Security Configuration

The Security Protocol property allows the user to specify the protocol for communicating with the Kafka broker. The following sections describe each of the protocols in further detail.

PLAINTEXT

This option provides an unsecured connection to the broker, with no client authentication and no encryption. In order to use this option the broker must be configured with a listener of the form:

    PLAINTEXT://host.name:port
            

SSL

This option provides an encrypted connection to the broker, with optional client authentication.

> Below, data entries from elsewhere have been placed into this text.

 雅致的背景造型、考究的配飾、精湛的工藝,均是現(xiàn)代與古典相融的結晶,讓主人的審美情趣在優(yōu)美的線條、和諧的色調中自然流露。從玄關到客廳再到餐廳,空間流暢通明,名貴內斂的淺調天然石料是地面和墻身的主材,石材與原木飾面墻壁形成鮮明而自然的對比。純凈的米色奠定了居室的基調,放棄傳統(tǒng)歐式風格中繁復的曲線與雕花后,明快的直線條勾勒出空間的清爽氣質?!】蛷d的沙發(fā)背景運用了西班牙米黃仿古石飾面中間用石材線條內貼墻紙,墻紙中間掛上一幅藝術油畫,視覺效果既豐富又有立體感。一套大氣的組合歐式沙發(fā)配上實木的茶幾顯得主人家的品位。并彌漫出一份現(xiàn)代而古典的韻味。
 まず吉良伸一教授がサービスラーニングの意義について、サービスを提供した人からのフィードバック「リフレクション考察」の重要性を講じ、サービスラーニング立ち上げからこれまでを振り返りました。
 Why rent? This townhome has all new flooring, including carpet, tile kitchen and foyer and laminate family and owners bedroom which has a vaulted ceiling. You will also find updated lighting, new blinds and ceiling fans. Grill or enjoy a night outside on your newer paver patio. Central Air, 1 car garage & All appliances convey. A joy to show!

In order to use this option the broker must be configured with a listener of the form:

    SSL://host.name:port
            
In addition, the processor must have an SSL Context Service selected.

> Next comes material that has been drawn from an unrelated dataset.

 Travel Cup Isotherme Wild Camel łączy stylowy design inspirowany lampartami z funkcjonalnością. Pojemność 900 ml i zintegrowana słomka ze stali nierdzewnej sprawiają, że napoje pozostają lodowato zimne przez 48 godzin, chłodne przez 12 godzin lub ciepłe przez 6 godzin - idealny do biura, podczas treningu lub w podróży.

If the broker specifies ssl.client.auth=none, or does not specify ssl.client.auth, then the client will not be required to present a certificate. In this case, the SSL Context Service selected may specify only a truststore containing the public key of the certificate authority used to sign the broker's key.

If the broker specifies ssl.client.auth=required then the client will be required to present a certificate. In this case, the SSL Context Service must also specify a keystore containing a client key, in addition to a truststore as described above.

SASL_PLAINTEXT

This option uses SASL with a PLAINTEXT transport layer to authenticate to the broker. In order to use this option the broker must be configured with a listener of the form:

    SASL_PLAINTEXT://host.name:port
            
In addition, the Kerberos Service Name must be specified in the processor.

SASL_PLAINTEXT - GSSAPI

If the SASL mechanism is GSSAPI, then the client must provide a JAAS configuration to authenticate. The JAAS configuration can be provided by specifying the java.security.auth.login.config system property in NiFi's bootstrap.conf, such as:

    java.arg.16=-Djava.security.auth.login.config=/path/to/kafka_client_jaas.conf
            

An example of the JAAS config file would be the following:

    KafkaClient {
        com.sun.security.auth.module.Krb5LoginModule required
        useKeyTab=true
        storeKey=true
        keyTab="/path/to/nifi.keytab"
        serviceName="kafka"
        principal="nifi@YOURREALM.COM";
    };
            
NOTE: The serviceName in the JAAS file must match the Kerberos Service Name in the processor.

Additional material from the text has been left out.